Using the properties of the relevant attribute, we generate bulk INSERT and DELETE SQL statements to update the transactions and datoms tables in the SQL store. The goal is to have SQLite do the work to look up and replace :db.cardinality/one datoms, to produce a minimal number of DELETE statements, to efficiently INSERT fulltext values and the corresponding datoms, etc.

The translation to SQL is not complicated, but there are several fiddly cases. Eventually we'll write Wiki notes on translating entities to bulk SQL.

Transaction report generation

At this point, the datoms and transactions tables are updated but the transactor itself does not know the details of what has happened! For example, a :db.cardinality/many datom may have already existed and not been transacted; or a new :db/ident may have been transacted. The transactor therefore queries the transactions table to find out what the actual SQL changes have been, for presentation to the transact consumer in the transaction report.

Schema evolution and transaction finalization

Using the report generated in the previous step, the transactor interprets any :db.install/*, :db.alter/*, and changes to the schema definitions encountered.
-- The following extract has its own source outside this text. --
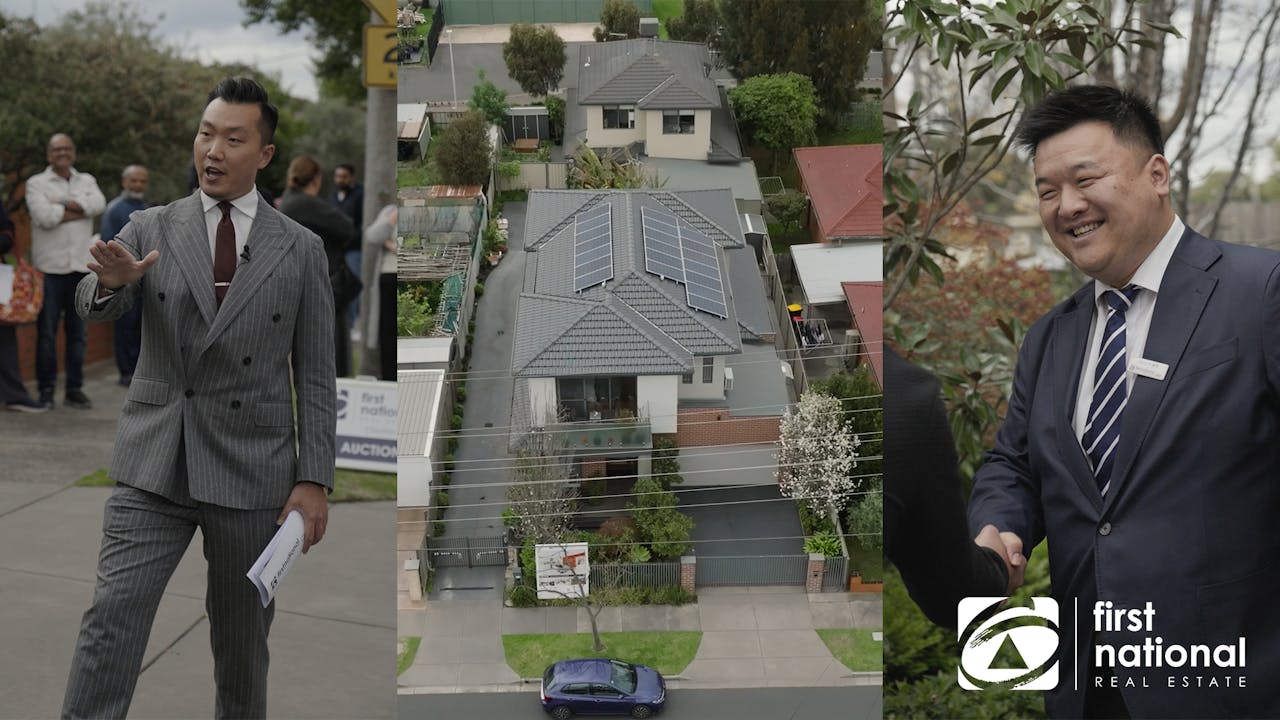 Ethan He representing First Nationals JXRE with a successful auction in the heart of Clayton South.

Finally, the idents (if new :db/ident datoms were transacted), schema (if :db.install/* datoms were transacted), and parts (always, since we allocate a new :db/tx entid each transaction) materialized views in the SQL store are updated.

SQL transaction closed

Finally, we've updated the data stores and the materialized metadata views. The encompassing SQL transaction is committed. See the Wiki notes on modeling the DB and connection in Rust.